I'm working on an application that has a fan-out - load generator
communicates with the middle tier, which then communicates with leaf
nodes.
As a baseline, I would like to look at the throughput and end-to-end
latency associated with empty gRPC communications. In this specific
case, it happens to be a ping-ping-pong-pong (1 leaf node). I know
that the latency of a synchronous gRPC ping-pong is ~190 microseconds.
So, I should expect to see a ping-ping-pong-pong latency of ~380
microseconds. But, I want to look at the latency associated with
various load conditions.
I see from a closed loop test that such an "empty-packet"

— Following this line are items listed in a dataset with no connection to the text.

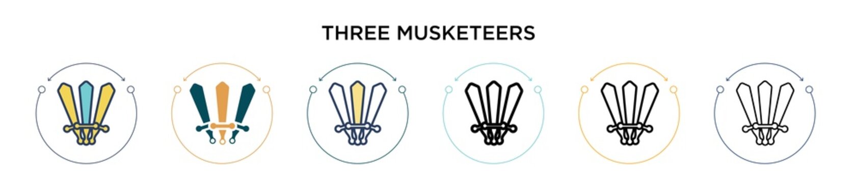 Try these curated collections. Illustration about Three musketeers icon vector isolated on white background, logo concept of Three musketeers sign on transparent background, filled black symbol. The Three Musketeers (French:.
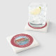 Projetado com base na pintura acrílica de Rockport Harbor em Massachusetts por Farida Greenfield. Uma encantadora captura de Rockport Harbor, com seus edifícios coloridos, vista do píer e barcos atracando no porto. Rockport é uma cidade litoral no Condado de Essex, Massachusetts, Estados Unidos. O design tem um círculo vermelho escuro no lado externo e textos que podem ser personalizados no lado superior e inferior.
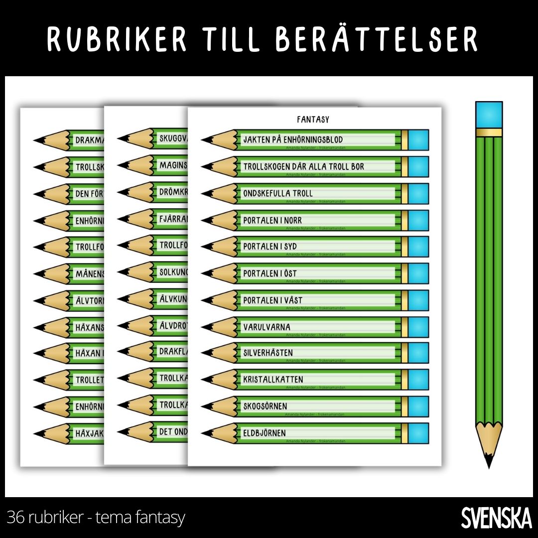 36 pennor med 36 olika rubriker på ämnade att användas vid lektionsmoment där eleverna övar på att skriva berättande texter med temat fantasy. Pennorna med rubriker är tänkta att fungera som stöd för de elever som har svårt att komma igång. Låt eleverna dra en gemensam penna eller var sin penna och låt dem sedan skriva till rubriken ensam, i par eller i mindre grupp.
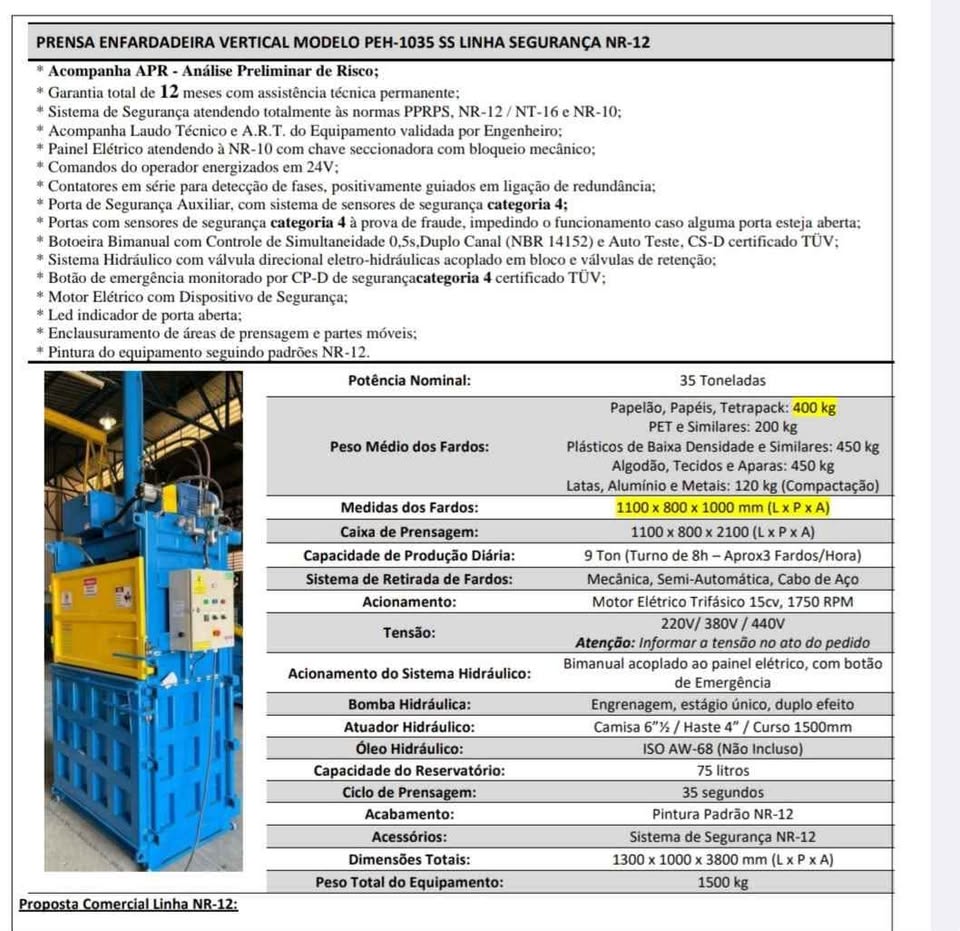 Ideal para compactar materiais diversos de forma rápida e uniforme, garantindo economia de espaço e facilidade no transporte. Máquina robusta e confiável, perfeita para indústrias que buscam agilidade na produção.
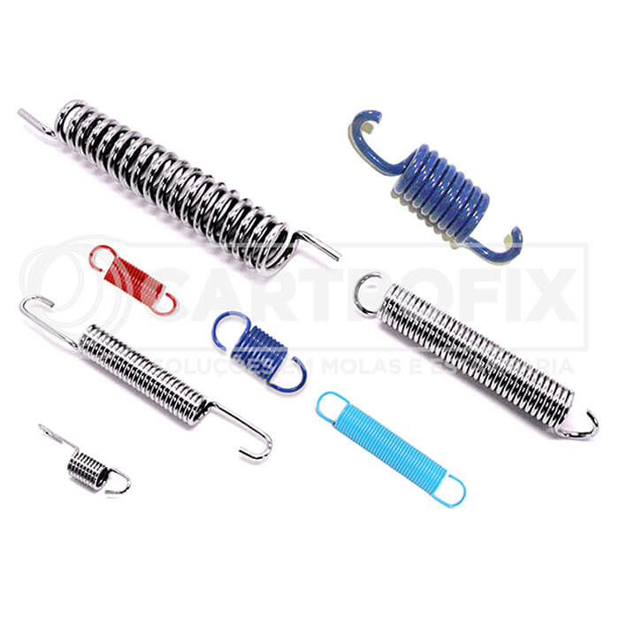Fabricamos molas de tração com espiras juntas ou separadas sem restrições de desenvolvimentos (comprimento livre), com diâmetros de arame de até 4,00 mm em aço de diversas ligas, em diferentes formas mediante desenho técnico, especificações ou amostra.
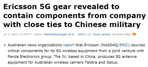 愛立信一直被視為中國5G設備供應商華為的安全替代品。華為被美國聯(lián)邦通信委員會FCC列為安全威脅。然而,據(jù)報道,華為與熊貓電子有密切的關系,而后者目前已被披露通過一家合資公司向愛立信供貨。
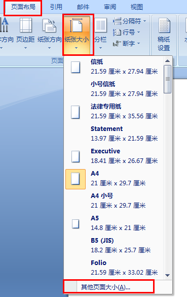 第2步、选择纸张大小->其它页面大小。
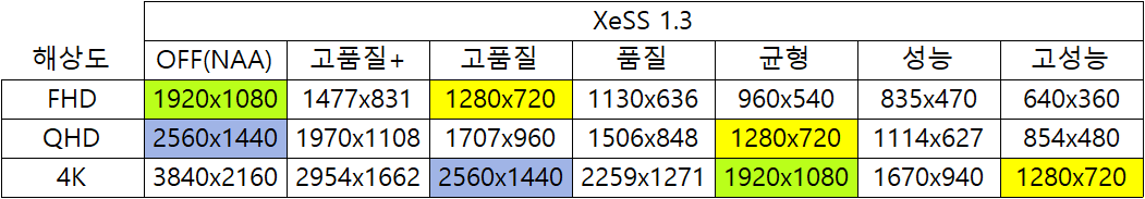 QHD XeSS 퍼포먼스 중옵, FHD XeSS 퍼포먼스에서 상옵 됨.
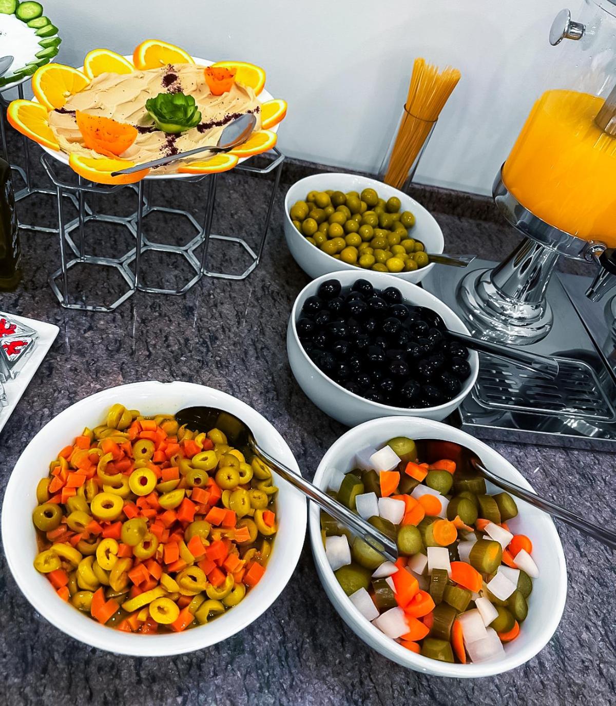 Le petit déjeuner nous a franchement déçus - peu de produits frais et beaucoup d'articles sous emballage, d'une qualité très médiocre au regard du prix de la nuitée (le prix le plus élevé de notre séjour en Jordanie) : c'est Petra, certes, mais tout de même...
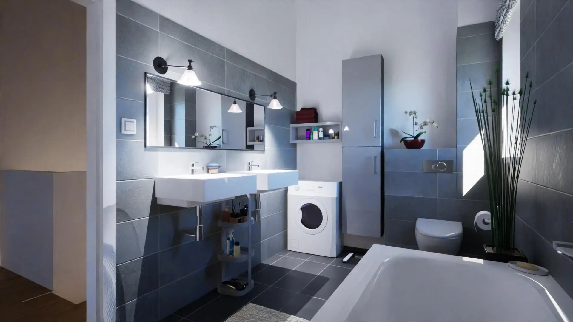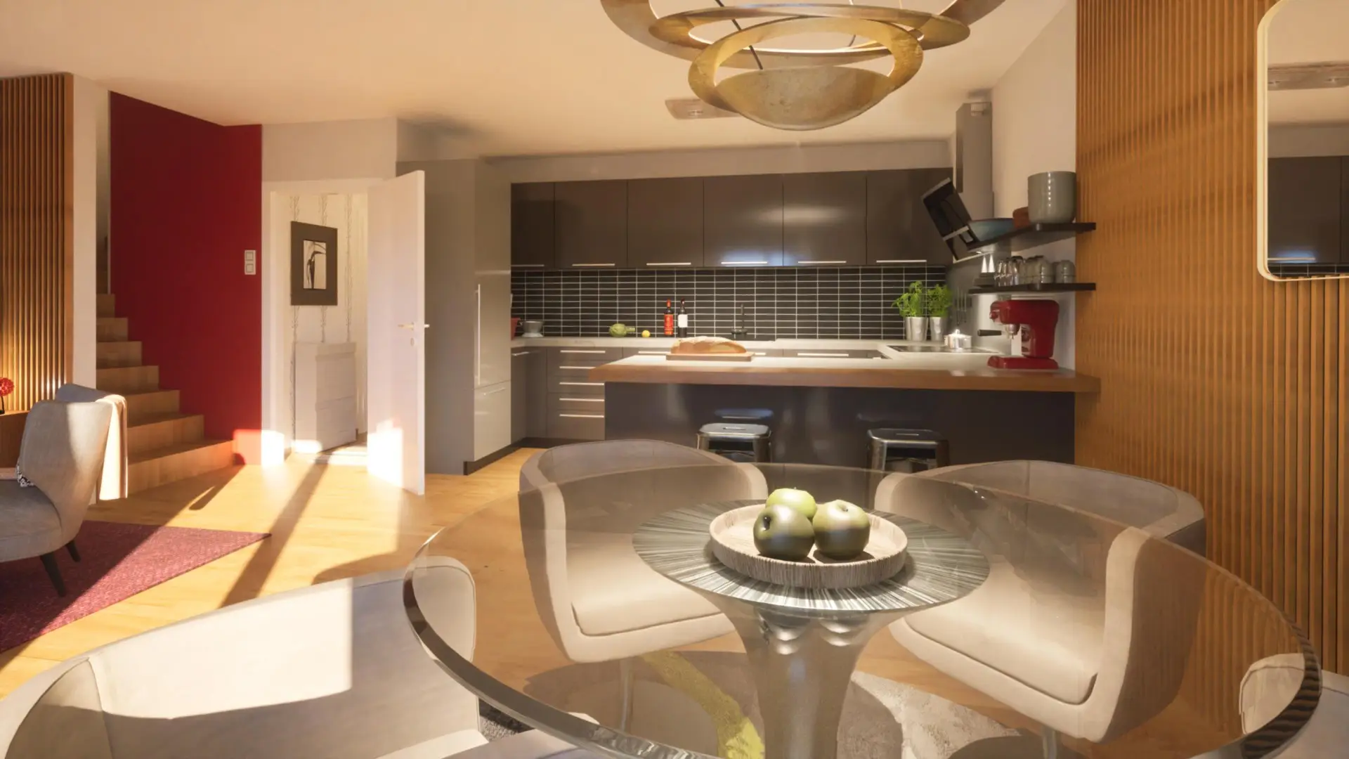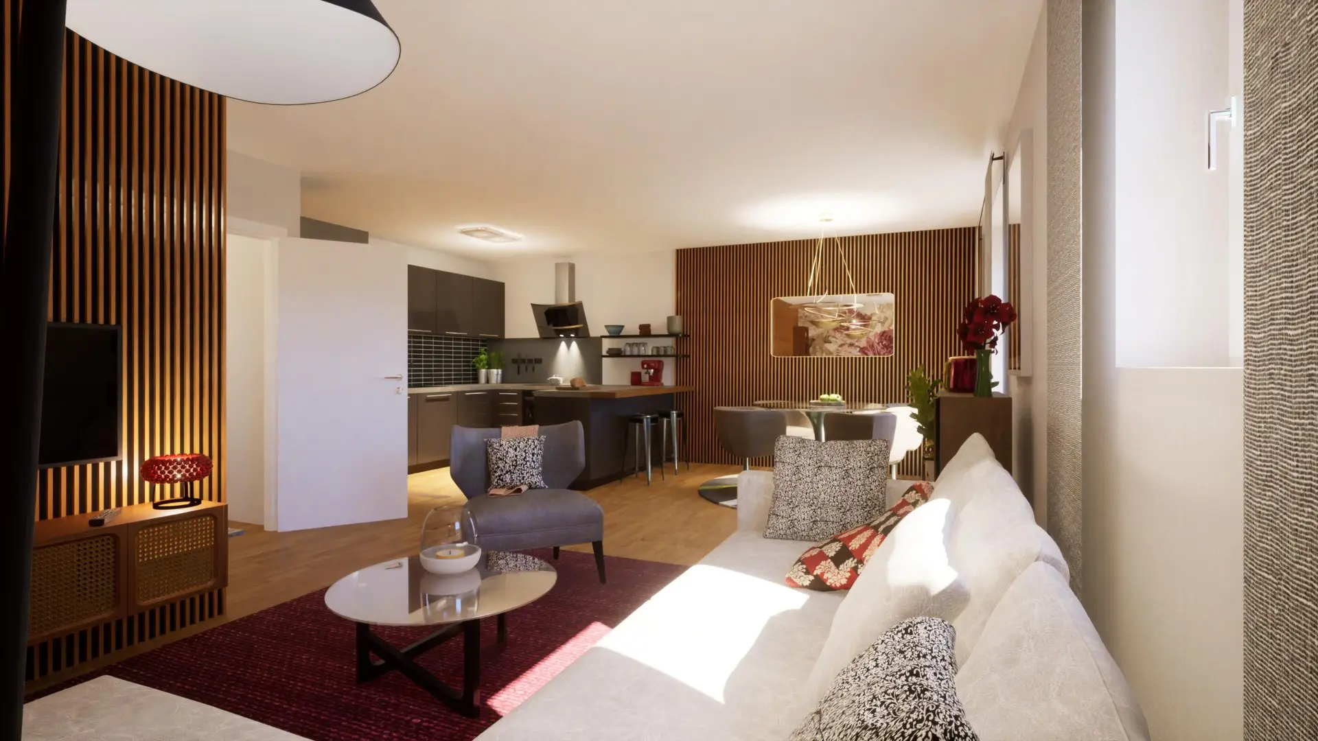 Sonnige Wohnküche, Abstellraum, Technikraum, 3 zentral begehbare Schlafzimmer, Bad und 2 WC´s.

communication system achieves a saturation throughput when there are
100K outstanding requests. This seems like a ridiculously high number
of outstanding requests. Also, I would expect 100K outstanding
requests to lower achieved throughput, since queuing delays must
dominate at this point. If the cost of a ping-ping-pong-pong is 380
microseconds, and assuming that the load generator takes 1 microsecond
(say) to send a request to the middle-tier server, I must achieve
close to saturation throughput when there are ~380 outstanding
requests? That doesn't seem to be true, though.
Therefore, I would like to look at the *number of queued tags*, when
there are 100K outstanding requests vs. 380 outstanding requests, to
see why such a large number of outstanding requests are necessary to
achieve a saturation throughput.
Regards,
Akshitha Sriraman
Ph.D. Candidate
Computer Science | University of Michigan, Ann Arbor